## EXERCISE REQUIREMENTS
Repeat the listing exactly. Do not carry over any pictures.

## DATA EXCERPT
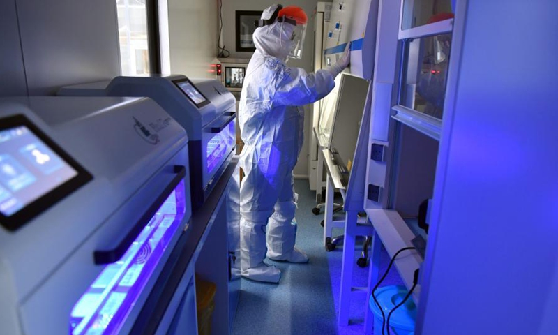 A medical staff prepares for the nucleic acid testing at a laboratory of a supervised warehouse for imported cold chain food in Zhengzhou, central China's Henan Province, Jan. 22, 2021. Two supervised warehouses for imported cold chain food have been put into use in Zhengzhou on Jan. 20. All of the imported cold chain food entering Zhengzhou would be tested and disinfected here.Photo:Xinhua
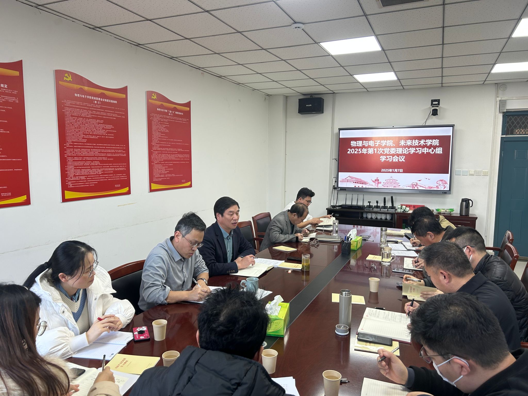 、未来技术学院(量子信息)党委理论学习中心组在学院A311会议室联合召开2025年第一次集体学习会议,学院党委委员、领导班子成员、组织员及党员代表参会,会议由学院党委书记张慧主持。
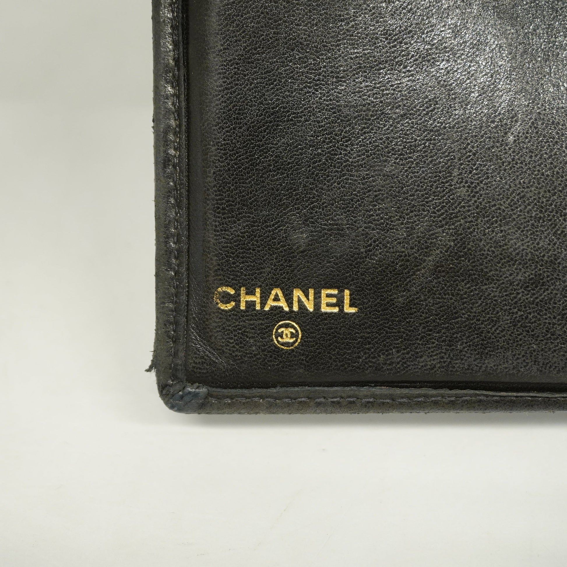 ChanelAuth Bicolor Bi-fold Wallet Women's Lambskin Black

## FINISHED EXERCISE
 A medical staff prepares for the nucleic acid testing at a laboratory of a supervised warehouse for imported cold chain food in Zhengzhou, central China's Henan Province, Jan. 22, 2021. Two supervised warehouses for imported cold chain food have been put into use in Zhengzhou on Jan. 20. All of the imported cold chain food entering Zhengzhou would be tested and disinfected here.Photo:Xinhua
 、未来技术学院(量子信息)党委理论学习中心组在学院A311会议室联合召开2025年第一次集体学习会议,学院党委委员、领导班子成员、组织员及党员代表参会,会议由学院党委书记张慧主持。
 ChanelAuth Bicolor Bi-fold Wallet Women's Lambskin Black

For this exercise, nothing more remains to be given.